Autofluorescence bronchoscopy (AFB) is the method for early detection of lung carcinoma. The aim of the study was to evaluate the performance of AFB in high-risk population.
Methods: 160 smokers with cigarette exposure higher than 30 pack-years and with FEV1 lower than 70% of predicted value scheduled for bronchoscopy as a part of standard diagnostic workup were examined. AFB with Onco-LIFE system (Xillix) followed after standard white light bronchoscopy (WLB).
Biopsies were obtained from positive or suspicious areas in WLB or AFB and also from areas with normal appearance. Samples were examined histologically.

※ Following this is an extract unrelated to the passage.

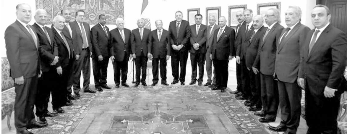
عون مع وفد اتحاد الغرف العربية

أكد رئيس الجمهورية العماد ميشال عون، ان «عالمنا العربي يعاني اليوم من صعوبات كبرى أبعدت المسافات بين الدول العربية، وهذه المرحلة لم تنته بعد»، آملاً ان «يحافظ القطاع الخاص العربي على الوعي الذي لديه ويعيد لم شمل الجميع»، مشيراً الى «ان دولنا العربية كافة بحاجة الى مثل هذا الحضور الجماعي الموحد لكي نتكاتف ونساهم في تذليل الصعوبات كافة».

Results: From 332 biopsies taken 276 were satisfactory for analysis. Normal bronchial mucosa, inflammation, hyperplasia/ squamous metaplasia and mild dysplasia were found in 227 (82.2%) biopsies, which were classified as negative.
Moderate/severe dysplasia (4), carcinoma in-situ (1) and invasive carcinoma (44) were classified as positive. The overall histology based sensitivity and specificity was 95.9% and 92.1% for WLB and 95.9% and 85% for AFB respectively.
Conclusion: The incidence of premalignant changes of bronchial mucosa in studied population is low and its detection is not improved by the use of AFB.